Raw data ▸

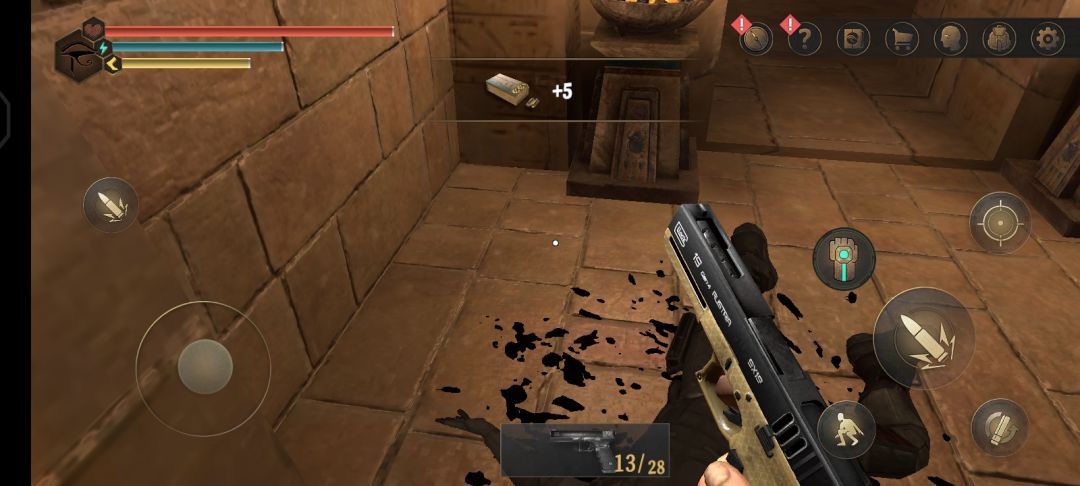 41.击破石墙,不要着急,路过机关后,前方右转,在地上可以获取5发手枪子弹
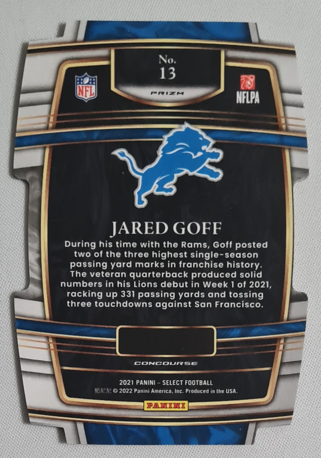 Jared Goff - 2021 Panini Select Football NFL Lions #13 Tri Color Die-Cut
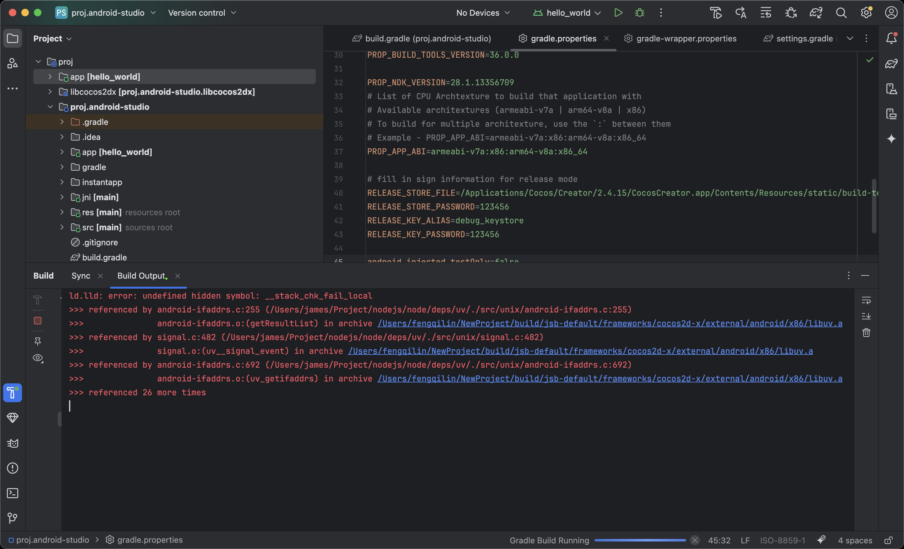 对gralde没有修改,我在尝试一下你们2.4.16版本的引擎,报错的我只是按照你们pr处理,但是如果去掉x86是可以正常的,可以确定一下你是保留了x86也正常工作的吗。在修改一下我用的是cocos 2.4.15

Task goal ▸
Would you copy out the data exactly, leaving every picture out?

Task output ▸
 41.击破石墙,不要着急,路过机关后,前方右转,在地上可以获取5发手枪子弹
 Jared Goff - 2021 Panini Select Football NFL Lions #13 Tri Color Die-Cut
 对gralde没有修改,我在尝试一下你们2.4.16版本的引擎,报错的我只是按照你们pr处理,但是如果去掉x86是可以正常的,可以确定一下你是保留了x86也正常工作的吗。在修改一下我用的是cocos 2.4.15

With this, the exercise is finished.